§ THE PROBLEM: The lines to return run from the start of the material below through the line holding "3、因为逆光颜色容易灰掉,所以增加饱和(色彩调节根据主题每幅有所不同)", both included; please give them back exactly, minus the pictures.
-- Opening Marker --
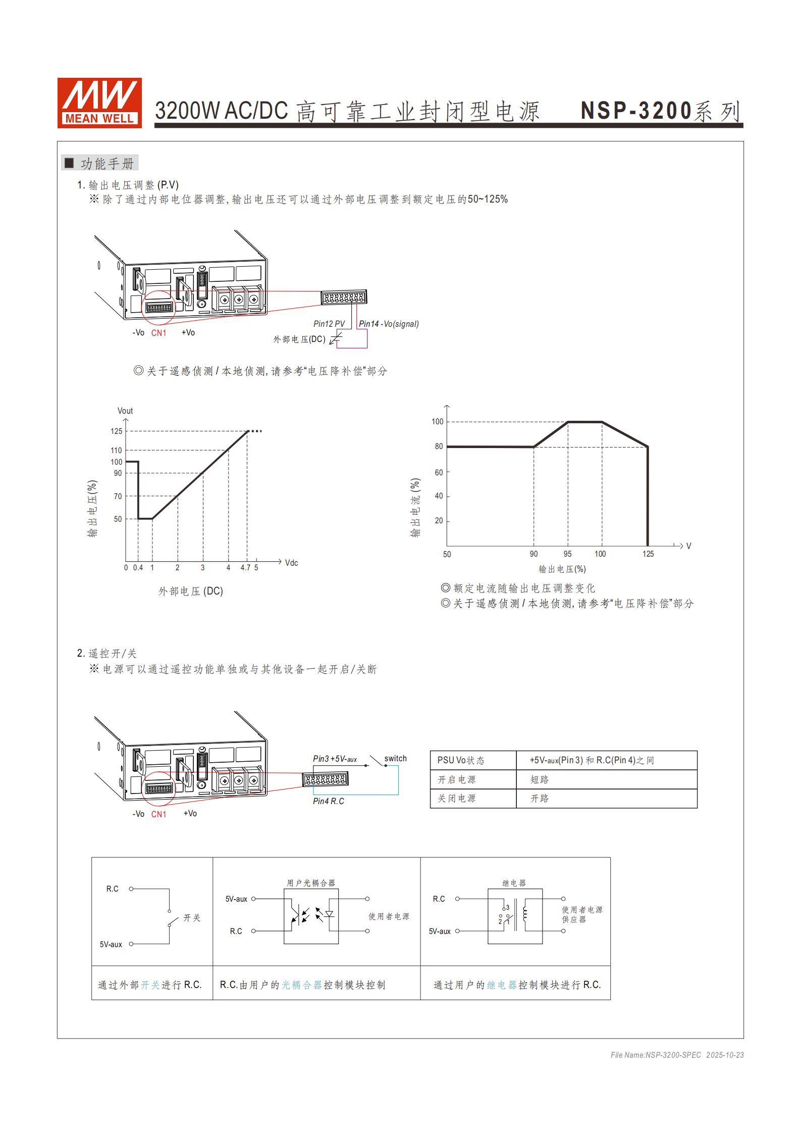 問題 1:NSP-3200 系列電源的輸出電壓調(diào)整范圍和控制方式是什么?適用于哪些需要靈活調(diào)節(jié)電壓的場景?
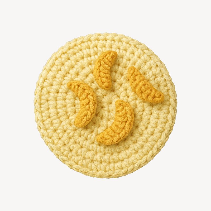 PNG Crocheted dumplings on circular mat. https://www.rawpixel.com/image/22996459/png-crocheted-dumplings-circular-matView license
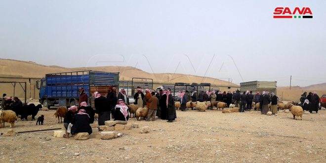 وفي تصريح لمراسل سانا أكد المشرف على السوق خالد سليمان أنه استقطب مربي الثروة الحيوانية في بادية تدمر لعرض مواشيهم للبيع والشراء أيام السبت والأربعاء من كل أسبوع عبر استقدام مئات رؤوس الأغنام والماعز والجمال.
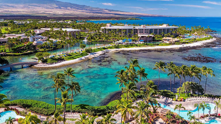 Das Hilton Waikoloa Village bietet eine beeindruckende Urlaubserfahrung auf einer Fläche von 25 Hektar im Resort Waikoloa Beach. Mit atemberaubendem Blick auf den Pazifischen Ozean und die Waialua Bay, tropischen Gärten und einer Vielzahl von Freizeiteinrichtungen wie Golfplätzen und Pools, ist dieses Hotel der perfekte Ort für einen erholsamen und unterhaltsamen Urlaub.
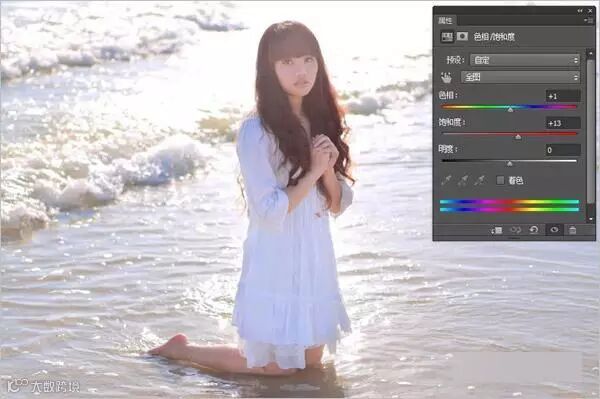 3、因为逆光颜色容易灰掉,所以增加饱和(色彩调节根据主题每幅有所不同)
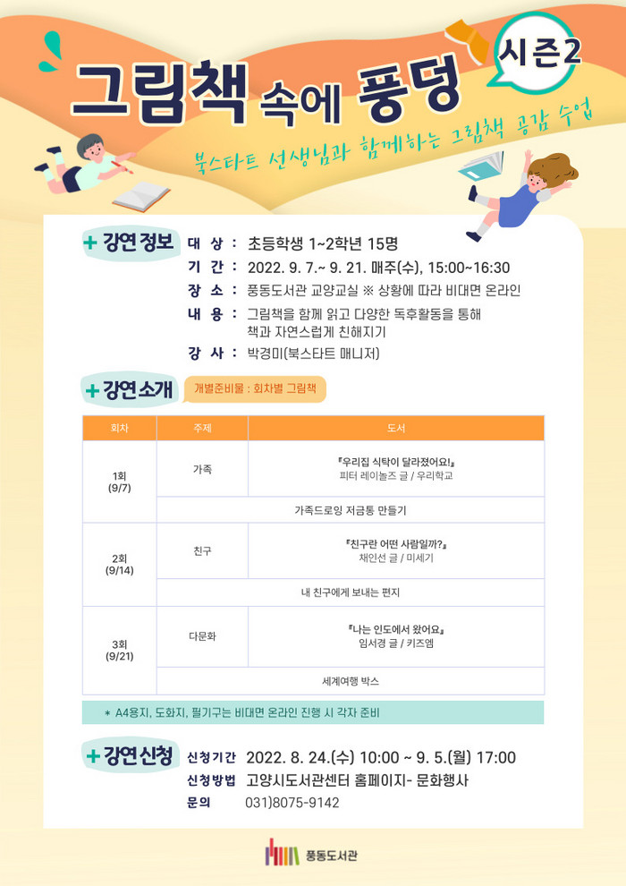 [부자동네타임즈 김인수기자] 고양특례시(이동환 시장) 풍동도서관이 9월 7일(수)부터 9월 21일(수)까지 3회에 걸쳐 초등학생 1~2학년을 대상으로 그림책 공감 수업 ‘그림책 속으로 풍덩 시즌2’를 진행한다.
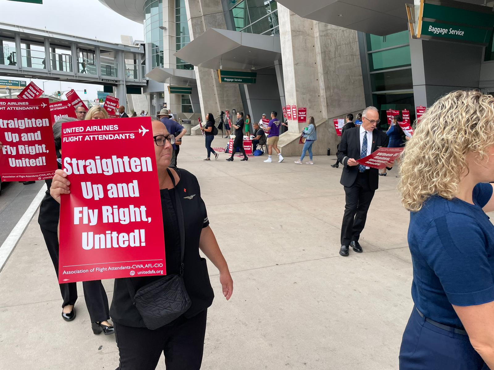 San Diego.- Decenas de asistentes de vuelo de la aerolínea “United Airlines” protestaron este jueves en un esfuerzo de exigir al corporativo que se solucionen los problemas de infraestructura interna, la dotación de personal y otros problemas que, según dijeron, causaron varios días de cancelaciones y retrasos el mes pasado.
-- Closing Marker --
§ THE COMPLETED TASK:
 問題 1:NSP-3200 系列電源的輸出電壓調(diào)整范圍和控制方式是什么?適用于哪些需要靈活調(diào)節(jié)電壓的場景?
 PNG Crocheted dumplings on circular mat. https://www.rawpixel.com/image/22996459/png-crocheted-dumplings-circular-matView license
 وفي تصريح لمراسل سانا أكد المشرف على السوق خالد سليمان أنه استقطب مربي الثروة الحيوانية في بادية تدمر لعرض مواشيهم للبيع والشراء أيام السبت والأربعاء من كل أسبوع عبر استقدام مئات رؤوس الأغنام والماعز والجمال.
 Das Hilton Waikoloa Village bietet eine beeindruckende Urlaubserfahrung auf einer Fläche von 25 Hektar im Resort Waikoloa Beach. Mit atemberaubendem Blick auf den Pazifischen Ozean und die Waialua Bay, tropischen Gärten und einer Vielzahl von Freizeiteinrichtungen wie Golfplätzen und Pools, ist dieses Hotel der perfekte Ort für einen erholsamen und unterhaltsamen Urlaub.
 3、因为逆光颜色容易灰掉,所以增加饱和(色彩调节根据主题每幅有所不同)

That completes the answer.